Chapter 8
Exposure Technique Selection
After completing this chapter, the reader will be able to perform the following:
1. Define all the key terms in this chapter.
2. State all the important relationships in this chapter.
3. State the purpose of automatic exposure control (AEC) in radiography.
4. Differentiate among the types of radiation detectors used in AEC systems.
5. Recognize how the detector size and configuration affect the response of the AEC device.
6. Explain how alignment and positioning affect the response of the AEC device.
7. Discuss patient and exposure technique factors and their effect on the response of the AEC device.
8. Analyze unacceptable images produced using AEC, and identify possible causes.
9. Recognize the effect of the type of image receptor on AEC calibration, its use, and image quality.
10. Describe patient protection issues associated with AEC.
11. State the importance of calibration of the AEC system to the type of image receptor used.
12. Define anatomically programmed radiography (APR).
13. Differentiate between the types of exposure technique charts.
Automatic Exposure Control
Radiation Detectors
The difference in AEC systems lies in the type of device that is used to convert radiation into electricity. Two types of AEC systems have been used: phototimers and ionization chambers. Phototimers represent the first generation of AEC systems used in radiography, and it is from this type of system that the term phototiming has evolved. Phototiming specifically refers to the use of an AEC device that uses photomultiplier tubes or photodiodes, even though these systems are uncommon today. Therefore, the use of the term phototiming is usually incorrect. The more common type of AEC system uses ionization chambers. Regardless of the specific type of AEC system used, almost all systems use a set of three radiation-measuring detectors, arranged in some specific manner (Figure 8-1). The radiographer selects the configuration of these devices, determining which one (or more) of the three actually measures radiation exposure reaching the IR. These devices are variously referred to as sensors, chambers, cells, or detectors.

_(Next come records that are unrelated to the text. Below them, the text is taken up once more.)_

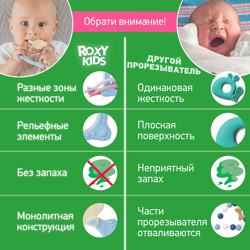 Материал изготовленияпрорезыватель – термоэластопласт, полипропилен, держатель – полиэстер, АБС-пластик
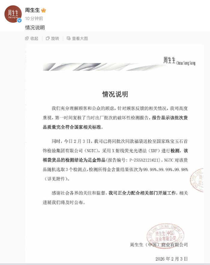 2月3日,周生生发布情况说明:
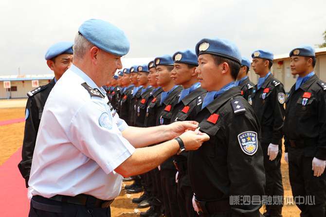 2016年,潘涛作为中国第四支赴利比里亚维和警察防暴队小队长,踏上战乱未息、疾病肆虐的西非大地,他和队员们面对的是严峻的安全形势和艰苦的生活条件。最令他难忘的,是执行利比里亚总统的警卫任务。“总统府毁于战火,总统在外交部办公。我们小队负责为期一个月的要人警卫,让我感到非常光荣。”潘涛回忆,“当时也进外交部参观过,和各级部长都有过交流,也算是参加一次重要的外事活动吧,增加了见闻。”维和期间,潘涛带领小队圆满完成了外交驻地安保、要人警卫、武装巡逻、应急处突等一系列高风险勤务,展现了过硬的中国警察素质和优良作风,被联合国授予象征和平与荣誉的“和平勋章”。
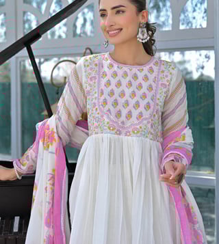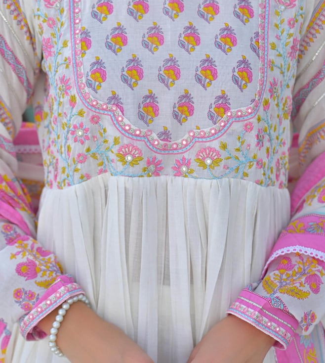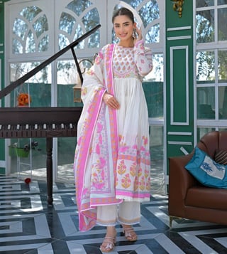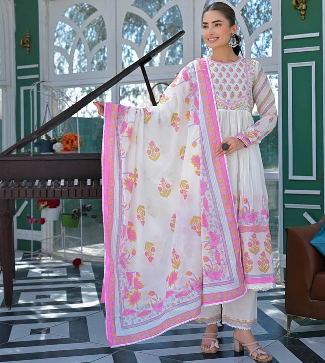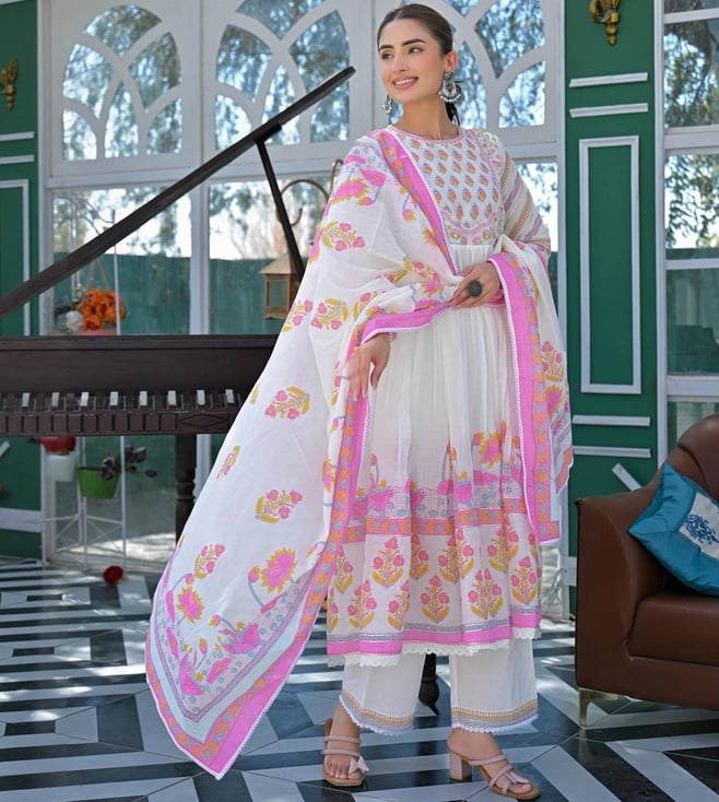 Autumnlane White Lakshita Punch Floral Comfort Fit Suit Set
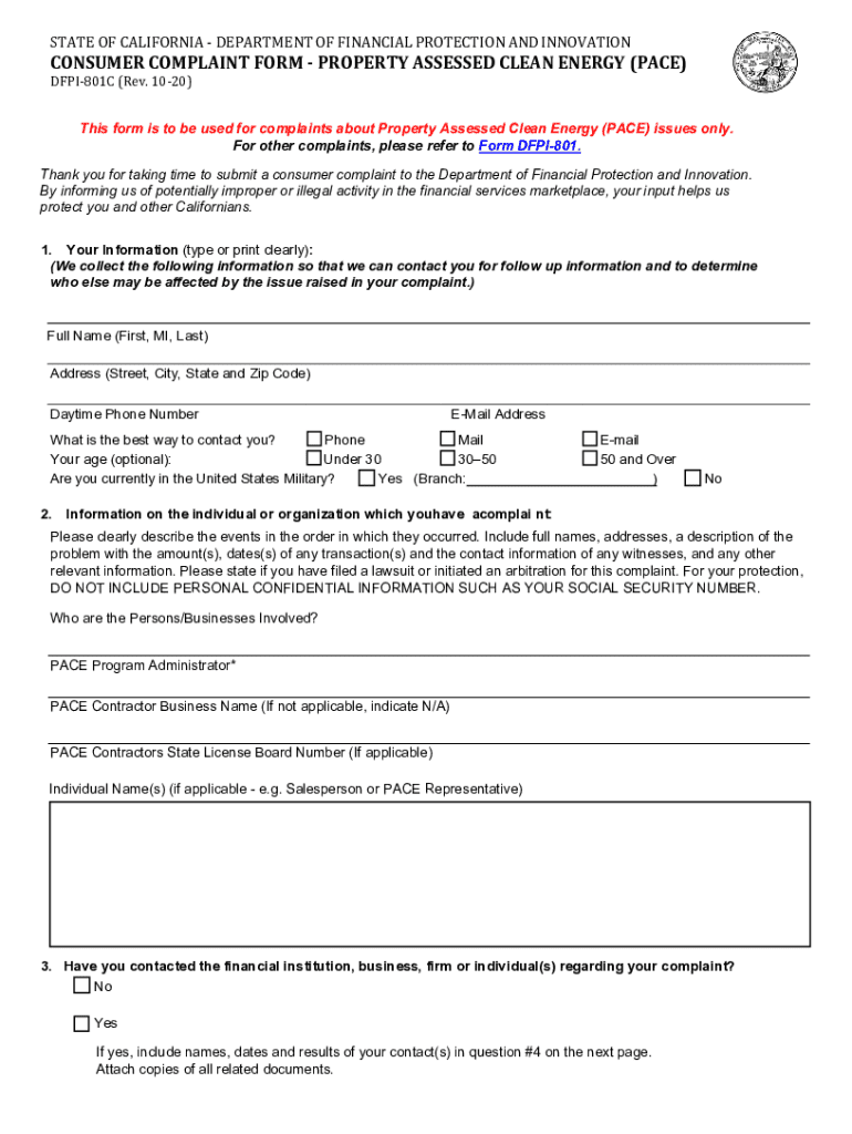 Gua de autoayuda \"Pro Per\" para completar: Queja de PACE del Departamento de Proteccin Financiera e Innovacin de California Uso de esta gua: Esta gua est destinada a personas que deseen presentar

These radiation-measuring devices are referred to here for the remainder of the discussion as detectors
Phototimers
Phototimers use a fluorescent (light-producing) screen and a device that converts the light to electricity. A photomultiplier tube is an electronic device that converts visible light energy into electrical energy. A photodiode is a solid-state device that performs the same function. Phototimer AEC devices are considered exit-type devices because the detectors are positioned behind the IR (Figure 8-2) so that radiation must exit the IR before it is measured by the detectors. Light paddles, coated with a fluorescent material, serve as the detectors, and the radiation interacts with the paddles, producing visible light. This light is transmitted to remote photomultiplier tubes or photodiodes that convert this light into electricity. The timer is tripped, and the radiographic exposure is terminated when a sufficiently large charge has been received. This electrical charge is in proportion to the radiation to which the light paddles have been exposed. Phototimers have largely been replaced with ionization chamber systems.
Ionization Chamber Systems
An ionization chamber, or ion chamber, is a hollow cell that contains air and is connected to the timer circuit via an electrical wire. Ionization chamber AEC devices are considered entrance-type devices because the detectors are positioned in front of the IR (Figure 8-3) so that radiation interacts with the detectors just before interacting with the IR. When the ionization chamber is exposed to radiation from a radiographic exposure, the air inside the chamber becomes ionized, creating an electrical charge. This charge travels along the wire to the timer circuit. The timer is tripped, and the radiographic exposure is terminated when a sufficiently large charge has been received. This electrical charge is in proportion to the radiation to which the ionization chamber has been exposed. Compared with phototimers, ion chambers are less sophisticated and less accurate, but they are less prone to failure. Most AEC systems today use ionization chambers.
Alignment and Positioning Considerations
Detector Selection
Measuring radiation that passes through the anatomic area of interest is important. The general guideline is to select the detectors that would be superimposed by the anatomic structures that are of greatest interest and need to be visualized on the radiograph. Failure to use the proper detectors could result in either underexposure or overexposure to the IR. In the case of a posteroanterior (PA) chest radiograph, the area of radiographic interest includes the lungs and heart; therefore, one or two outside detectors should be selected to place the detectors directly beneath the critical anatomic area. If the center detector were mistakenly selected, the anatomy superimposing this detector includes the thoracic spine. If the exposure is made, the resultant image shows sufficient exposure in the spine, with the lungs overexposed (Figure 8-4). In the manual that accompanies a radiographic unit, the AEC device manufacturer provides recommendations for which detectors to use for specific examinations. Recommendations for detector combination also can be found in many radiographic procedures textbooks.